I somehow think that, this is not the correct way because strlen has to iterate over the characters to get the length. So this operation will have a O(n) complexity.
You are right read Joel Spolsky on why C-strings suck. There are few ways around it. The ways include either not using C strings (for example use Pascal strings and create your own library to handle them), or not use C (use say C++ which has a string class - which is slow for different reasons, but you could also write your own to handle Pascal strings more easily than in C for example)
Regarding adding a char to a C string; a C string is simply a char array with a nul terminator, so long as you preserve the terminator it is a string, there's no magic.
char* straddch( char* str, char ch )
{
char* end = &str[strlen(str)] ;
*end = ch ;
end++ ;
*end = 0 ;
return str ;
}
Just like strcat(), you have to know that the array that str is created in is long enough to accommodate the longer string, the compiler will not help you.

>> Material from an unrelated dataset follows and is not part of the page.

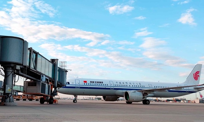 Hình ảnh từ đài truyền hình CCTV cho thấy một máy bay của hãng hàng không quốc gia Trung Quốc Air China đang lăn bánh tại Sân bay Quốc tế Thủ đô Bắc Kinh hôm nay, sau khi kết thúc hành trình từ thủ đô Phnom Penh của Campuchia. Đây là chuyến bay quốc tế đầu tiên đến Bắc Kinh sau khi Cục Hàng không Dân dụng Trung Quốc (CAAC) thông báo nối lại dần các chuyến bay quốc tế thẳng đến thủ đô.

It is both inelegant and unsafe.
If I am concatenating two null
terminated strings, will strcat append
two null terminating characters to the
resultant string?
No, just one, but what ever follows that may just happen to be nul, or whatever happened to be in memory. Consider the following equivalent:
char* my_strcat( char* s1, const char* s2 )
{
strcpy( &str[strlen(str)], s2 ) ;
}
the first character of s2 overwrites the terminator in s1.
In the above code,delimiter is a local
variable which gets destroyed after
foo returned. Is it OK to append it to
variable output?
In your example delimiter is not a string, and initialising a pointer with a char makes no sense. However if it were a string, the code would be fine, strcat() copies the data from the second string, so the lifetime of the second argument is irrelevant. Of course you could in your example use a char (not a char*) and the straddch() function suggested above.